A Song for Oblivion
Javier Fuentes Vargas
“Mientras viva podrán negarme esta tierra,
pero no evitarán que me funda en ella cuando muera.”
-Rafael Lechowsky
My hands were populated with ghosts:
Frantic stars
that tear the darkness from the sky,
the duel of forms
that is fought
between shadows and lights.
My hands search the geography of home.
The front door
Is a harsh welcome,
a distant sweet scent
for everyone who leaves,
a necessary ritual
that pretends
to belong somewhere.
Stopping before the green that enters through the windows
is to miss everything that is from outside
memory keeps hitting us.
A strange task to remember:
resurrect ghosts,
refuse to forget
Fleeing from all the white spaces
that cloud the past
increasingly difficult to recall.
Wait for them to exit the rooms
all the noises of longed-for times,
deceiving us with the vain promise
that the hands will feel again
the childhood touch.
Thanks to oblivion is the very reason for this
fall of the flagstones of a ruined temple.

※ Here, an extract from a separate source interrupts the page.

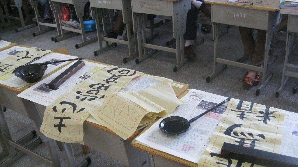 274班,桌上摆上了学生自己的书法作品。

Is to not build upon our names
all the scaffolding necessary to support existence.
Oblivion appears to us like holy water,
anoints our forehead, almost kissing it
kneeling on the banks of tears.
Oblivion is not the same as abandonment:
the first one arrives, installs itself silently
and begins to put its hands
in every corner of the house.
The second one is chosen
ignores what it regrets
and it names all the graves it has dug.
***
My tenderness knows only one language:
the childhood
there my voice yearns
scream all the birds
that my innocence
was ripped from the sky.
5 epigrams to know the rain
I
Where everything gets wet
the desire to be thirsty is born.
II
Let the storm not be surprising.
Enough are
Just the two hands of a child
to cradle a storm.
III
The rain leaves me with a thousand mirrors.
In all of them
the important thing is observed:
the transition of our lives.
All that happens
as we go from one place to another.
IV
The power lines were filled with birds.
V
There is not always a rainbow at the end.
Sometimes, we are left to pick up rubble
Other times, to look for the one we miss.
But there is something that is never omitted:
the smell that the earth gives off gratefully.

He is a poet, narrator and cultural manager. He is a Student of Sociocultural Anthropology at the University of El Salvador. He published many poetry books, like La muerte llegará (Artesanos & Editores, El Salvador); Un lugar donde espero no morir sin conocer el odio (Incendio Plaquettes, Guatemala); Vaho (FlowerSong Press, Estados Unidos), and a narrative book. He also participated in anthologies and literary events.